> [STORED DATA]:

--- START ---

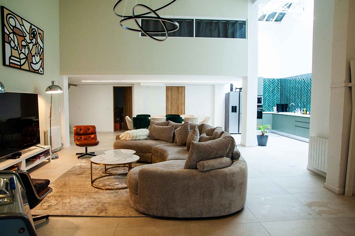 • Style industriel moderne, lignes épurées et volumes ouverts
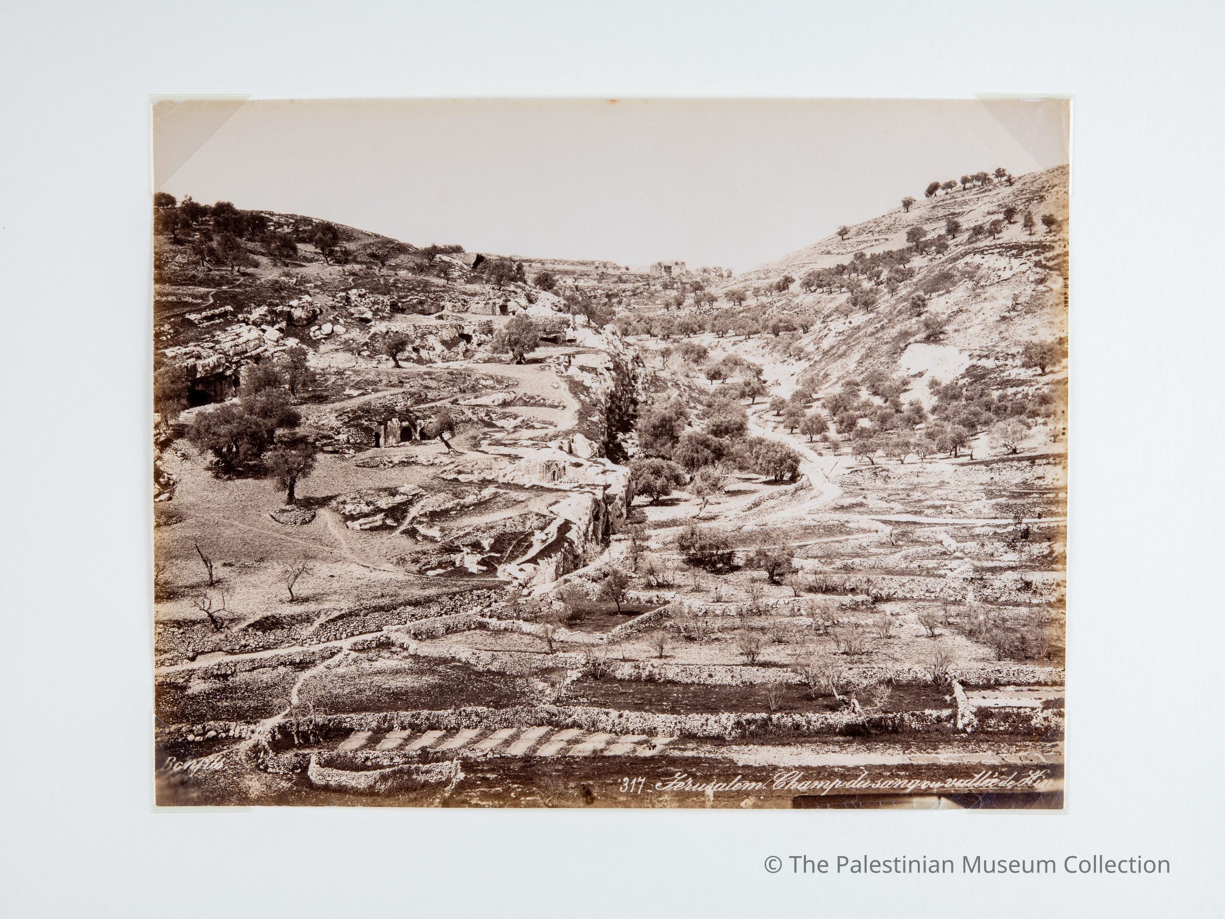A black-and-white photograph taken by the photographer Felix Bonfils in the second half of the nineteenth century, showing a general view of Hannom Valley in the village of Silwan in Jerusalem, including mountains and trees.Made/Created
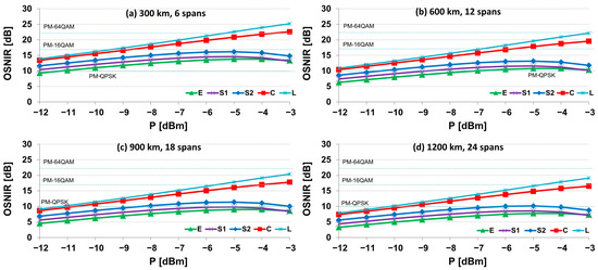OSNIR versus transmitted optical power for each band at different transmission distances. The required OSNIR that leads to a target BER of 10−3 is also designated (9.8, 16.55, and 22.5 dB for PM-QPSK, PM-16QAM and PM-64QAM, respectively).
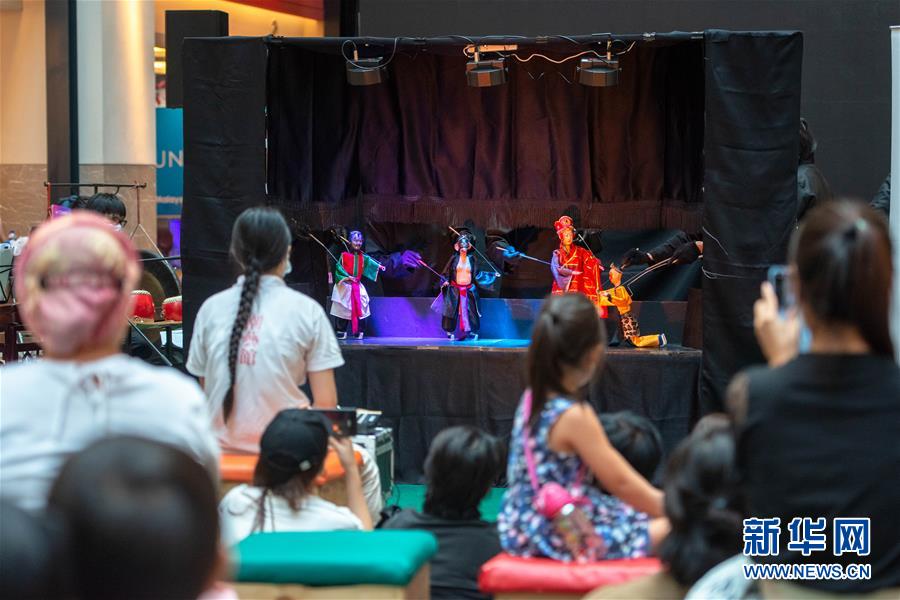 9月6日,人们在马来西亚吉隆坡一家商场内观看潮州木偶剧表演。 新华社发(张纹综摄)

--- END ---

Your answer should reproduce every line of the data verbatim and include no images.

 • Style industriel moderne, lignes épurées et volumes ouverts
A black-and-white photograph taken by the photographer Felix Bonfils in the second half of the nineteenth century, showing a general view of Hannom Valley in the village of Silwan in Jerusalem, including mountains and trees.Made/Created
OSNIR versus transmitted optical power for each band at different transmission distances. The required OSNIR that leads to a target BER of 10−3 is also designated (9.8, 16.55, and 22.5 dB for PM-QPSK, PM-16QAM and PM-64QAM, respectively).
 9月6日,人们在马来西亚吉隆坡一家商场内观看潮州木偶剧表演。 新华社发(张纹综摄)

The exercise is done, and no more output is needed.